As long as that distance is 300 miles.
[on my deathbed]
me: a….ah…..
wife: what is it!! what are you trying to say?
me: ah…… alexa…… play despacito
If I’ve learned anything from movies, it’s that if you’re packing for an important mission, you should definitely pull your knife out of its sheath and then put it back in to make sure it’s still there.
That dentist from that parking lot flyer says gnawing down trees is just as good as brushing and flossing. I’m referring all my coworkers.
Murphy does not need a real egg to feel accomplished!!He’s quite content with his rock, and VERY protective of it! After his spring hormones have run their course, he will get bored and move on to other activities. Poor rock.
[standing fully clothed in the shower pretending to cry]
me: *opening the shower curtain* yeah this will work
real estate lady: ill draw up the contract
Father of Prodigal Son: For this my son was dead, and is alive again! He was lost, and is found!
Fatted Calf: This cannot be good
On the 5th day, god was hungover & didn’t feel up to much so he created worms, shoelaces & spaghetti, then punched out just after 1pm.

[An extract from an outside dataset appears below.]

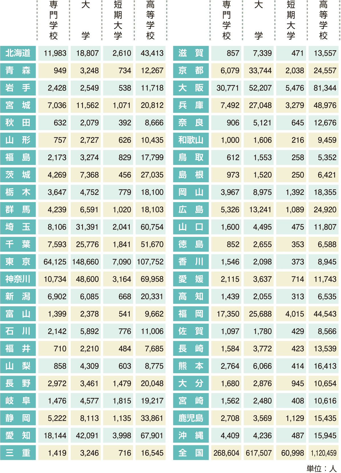 都道府県別/専門学校・大学・短期大学・高等学校

If methane killed off the dinosaurs just imagine what I can do in an elevator.
You catch more flies with honey, even more with a dead body and way more with honey on a dead body.
Ok I think somewhere we go wrong as a species is not having a defined mating season. bc then if it doesn’t work out during that season you can just chill the rest of the year and not feel so pressured
*Approaches a guy reading “Catch Me If You Can”*
I love that book. The way he just *clenches fist* catches all those freakin’ cans.
I’ve got two, maybe three, quests left in me, but only if someone carries my horse.
I joined Twitter to have something to do while I waited for the repairman. It’s only been 3 years, he should be here any month now.
Conversations with my pets:
Me: Please could you
Dog: OF COURSE!
Me: I haven’t said what it
Dog: I LOVE YOU!Me: Please could you
Cat: No.
Whenever I read the word “female” on twitter, in my head I pronounce it like “tamale”.
October is when everyone changes their handle and their avi and now I’m completely lost.